Set down each line of the records once more, precisely, and omit the pictures.
━━━ Entries provided
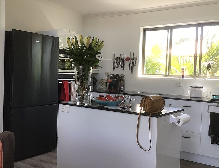 Kitchen has induction hot plate, refrigerated filter water, high end Fisher &Paykel oven.
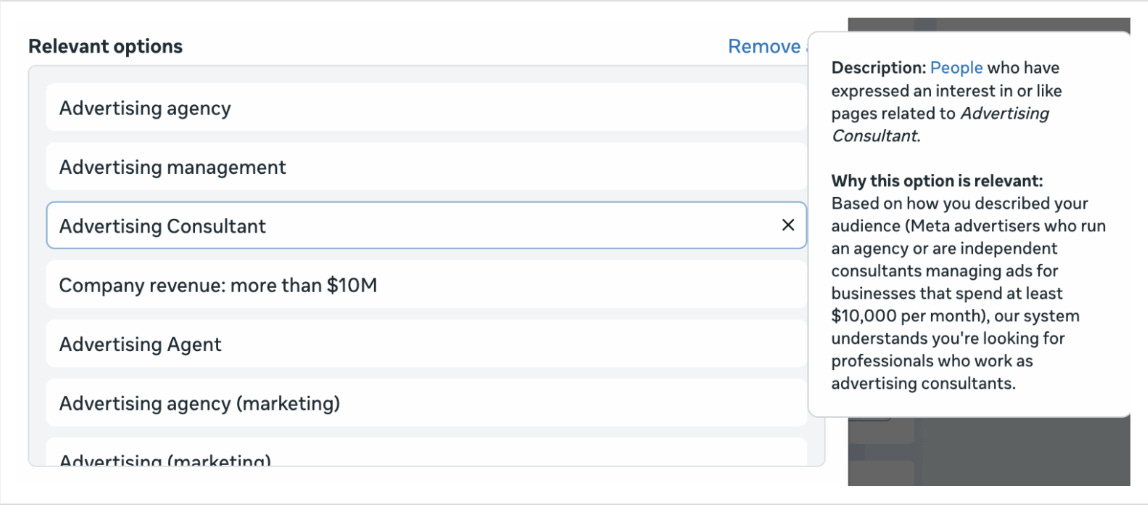 1. Describe Your Audience -A new Describe Your Audience feature lets you type up to 2,000 characters about your ideal customer, and Meta’s AI suggests matching interests and behaviours with reasoning for each, surfacing options you might never have found manually.
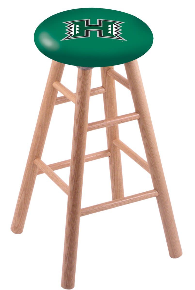 The “University of Hawaii 36″ Swivel Oak Extra Tall Bar Stool in Natural Finish” is a perfect addition to any sports-themed space or man cave. This premium extra-tall bar stool offers a combination of style, durability, and comfort, making it ideal for showcasing team loyalty. Crafted from high-quality solid oak, it features a durable swivel mechanism and a comfortable cushion seat designed for long-lasting use. The stool’s multi-step finishing process ensures a beautiful natural finish that complements any decor.
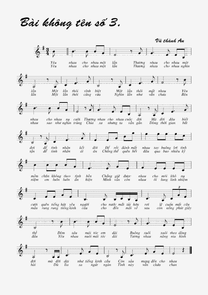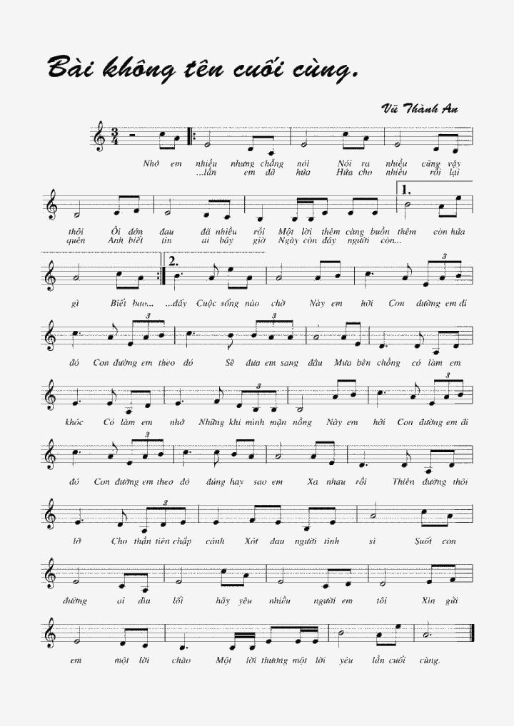 Năm 1965 NS Vũ Thành An sáng tác nhạc phẩm “Tình Khúc Khứ Nhất” (Lời: Nguyễn Đình Toàn) để kỷ niệm một mối tình, và ông nổi tiếng ngay từ ca khúc đầu tay này. Sau đó ông sáng tác tiếp các “Bài Không Tên Số 1, 2, 3, 4”. Cuộc tình của ông kéo dài được một năm thì chấm dứt, tác phẩm “Bài Không Tên Cuối Cùng” đánh dấu thời điểm đó. Sau “Bài Không Tên Cuối Cùng”, NS Vũ Thành An quay lại sáng tác tiếp các “Bài Không Tên Số 5, 6, 7″… không theo một thứ tự nào.
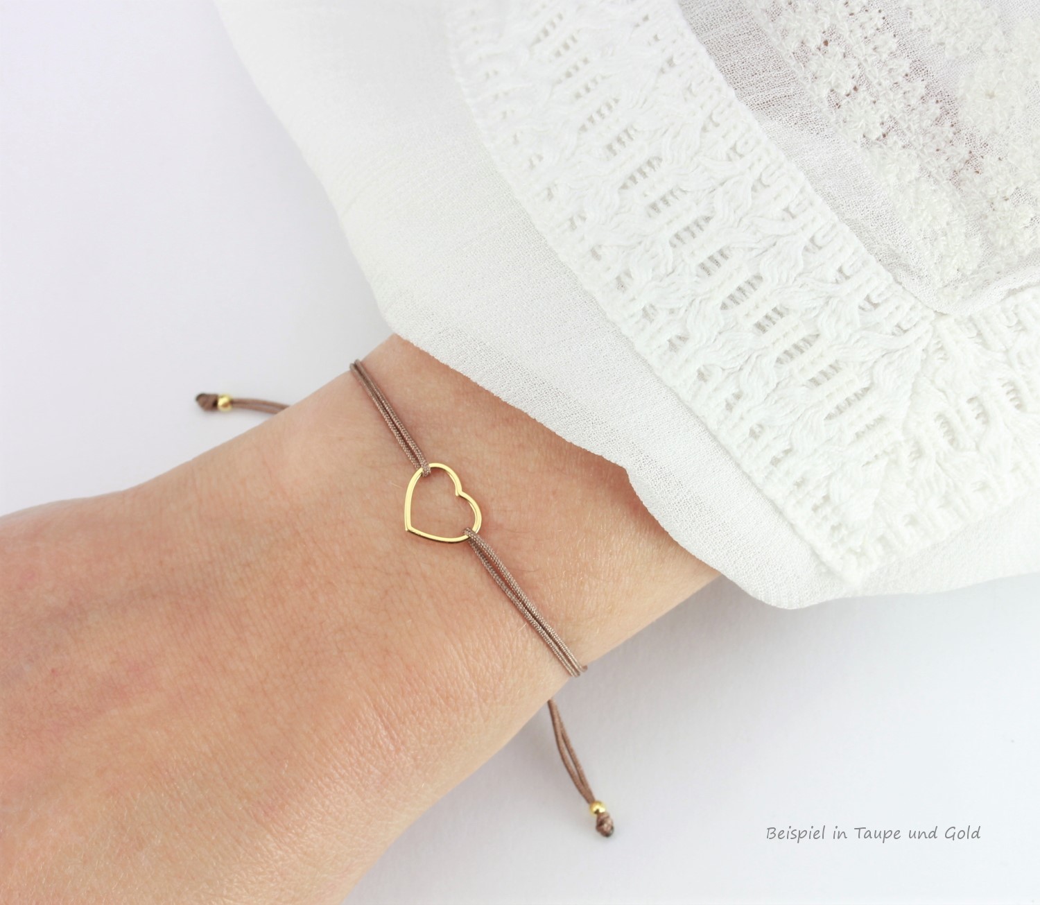 Die perfekte Geschenkidee für die beste Freundin oder deine Trauzeugin sind diese zarten und filigranen Freundschaftsarmbänder, handgemacht aus Textil in Nude und geschmückt mit zwei Herzen aus 925 Silber rosevergoldet.
━━━━━━
> [Answer space]
 Kitchen has induction hot plate, refrigerated filter water, high end Fisher &Paykel oven.
 1. Describe Your Audience -A new Describe Your Audience feature lets you type up to 2,000 characters about your ideal customer, and Meta’s AI suggests matching interests and behaviours with reasoning for each, surfacing options you might never have found manually.
 The “University of Hawaii 36″ Swivel Oak Extra Tall Bar Stool in Natural Finish” is a perfect addition to any sports-themed space or man cave. This premium extra-tall bar stool offers a combination of style, durability, and comfort, making it ideal for showcasing team loyalty. Crafted from high-quality solid oak, it features a durable swivel mechanism and a comfortable cushion seat designed for long-lasting use. The stool’s multi-step finishing process ensures a beautiful natural finish that complements any decor.
 Năm 1965 NS Vũ Thành An sáng tác nhạc phẩm “Tình Khúc Khứ Nhất” (Lời: Nguyễn Đình Toàn) để kỷ niệm một mối tình, và ông nổi tiếng ngay từ ca khúc đầu tay này. Sau đó ông sáng tác tiếp các “Bài Không Tên Số 1, 2, 3, 4”. Cuộc tình của ông kéo dài được một năm thì chấm dứt, tác phẩm “Bài Không Tên Cuối Cùng” đánh dấu thời điểm đó. Sau “Bài Không Tên Cuối Cùng”, NS Vũ Thành An quay lại sáng tác tiếp các “Bài Không Tên Số 5, 6, 7″… không theo một thứ tự nào.
 Die perfekte Geschenkidee für die beste Freundin oder deine Trauzeugin sind diese zarten und filigranen Freundschaftsarmbänder, handgemacht aus Textil in Nude und geschmückt mit zwei Herzen aus 925 Silber rosevergoldet.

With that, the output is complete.